Data extracted from a collection>
----

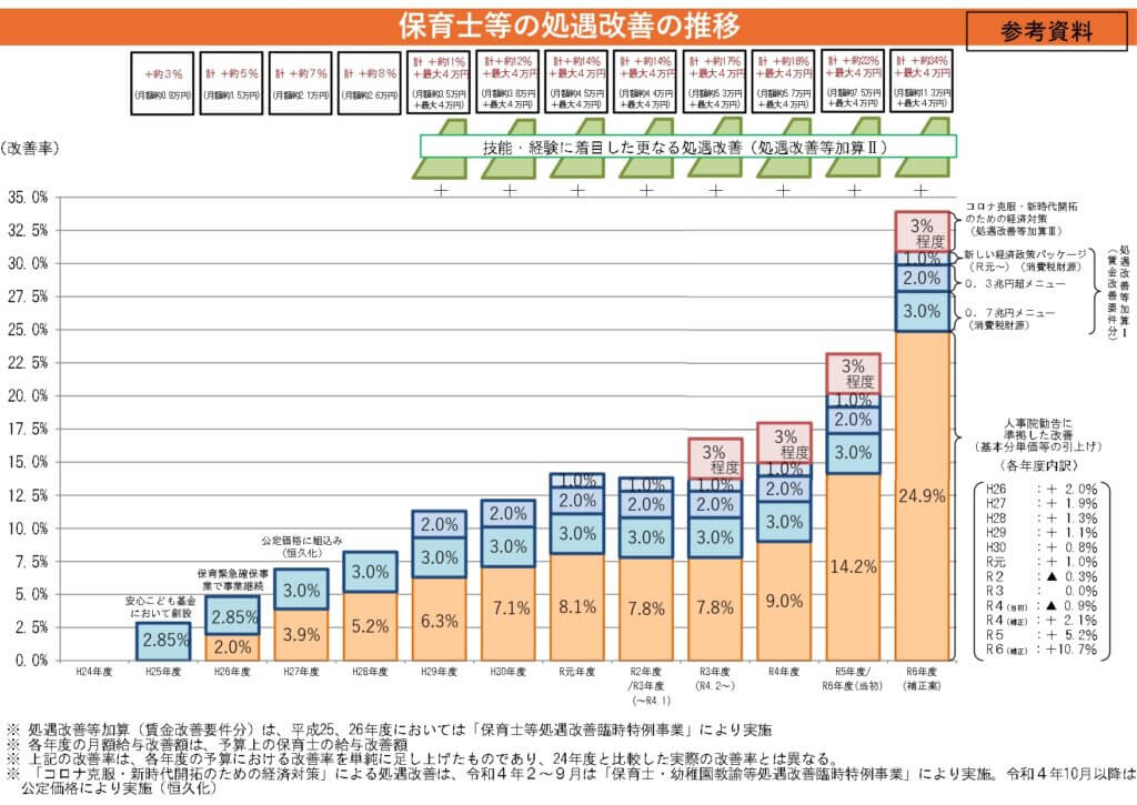 まずはこの図をみてください。近年、保育士の給与は処遇改善の取り組みを通じて上昇傾向にあります。例えば、処遇改善等加算Ⅰ~Ⅲをはじめ、国はこれまでさまざまな施策を講じてきました。
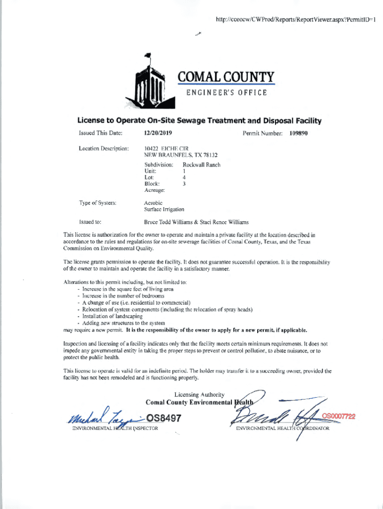 Permit of Authorization to Construct an Onsite Sewage Facility Permit Valid For One Year From Date IssuedPermit Number:109890Issued This Date:10/25/2019This permit is hereby given to:Bruce Todd Williams
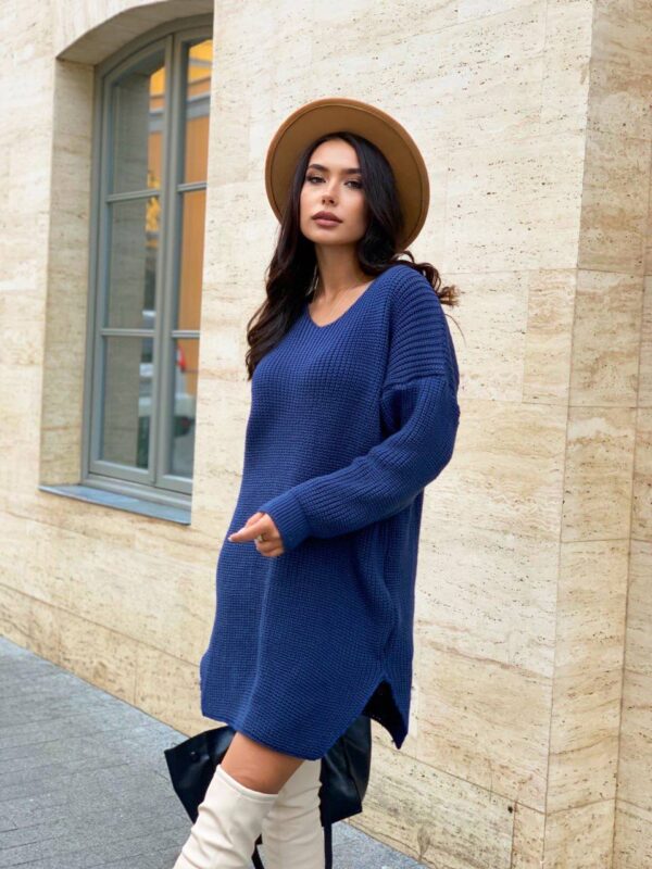 Сукня-туніка жіноча в’язана – колір джинс – це ідеальний вибір для прохолодної погоди. М’яка та приємна до тіла тканина забезпечує комфорт у щоденному носінні, а вільний фасон дозволяє виглядати стильно та жіночно.
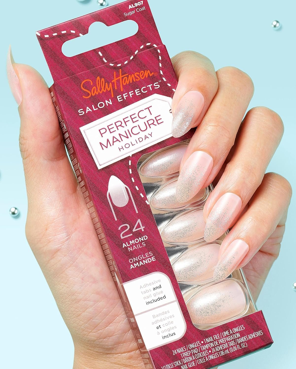 No cookie cutter nails here! Bring home the salon this holiday season with our Salon Effects Perfect Manicure in a NEW festive design! Twinkle and sparkle with this limited-edition set of ready to wear nails, inspired by sugary holiday sweets. Upgrade your mani with our almond-shaped nails that have a natural base and a gradient glitter texture at the tips, to add a subtle, yet sweet glimmer. You don’t need to be born with beautiful nails to have them!
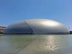 For the three-dimensional case, three different positive powers , and can be used in the equation . If , a super-ellipsoid is obtained. If any two or all three powers differ from each other, a solid is obtained that may possess more flexibility in representing real structural data than the super ellipsoid. A three-dimensional super-ellipsoid with , and the semi-diameters , represents the structure of the National Centre for the Performing Arts in China.[11]

----

Task description> The response must match the data line for line, from its first line through the line with "Сукня-туніка жіноча в’язана", inclusive, and must leave out the pictures.

Exercise answer>
 まずはこの図をみてください。近年、保育士の給与は処遇改善の取り組みを通じて上昇傾向にあります。例えば、処遇改善等加算Ⅰ~Ⅲをはじめ、国はこれまでさまざまな施策を講じてきました。
 Permit of Authorization to Construct an Onsite Sewage Facility Permit Valid For One Year From Date IssuedPermit Number:109890Issued This Date:10/25/2019This permit is hereby given to:Bruce Todd Williams
 Сукня-туніка жіноча в’язана – колір джинс – це ідеальний вибір для прохолодної погоди. М’яка та приємна до тіла тканина забезпечує комфорт у щоденному носінні, а вільний фасон дозволяє виглядати стильно та жіночно.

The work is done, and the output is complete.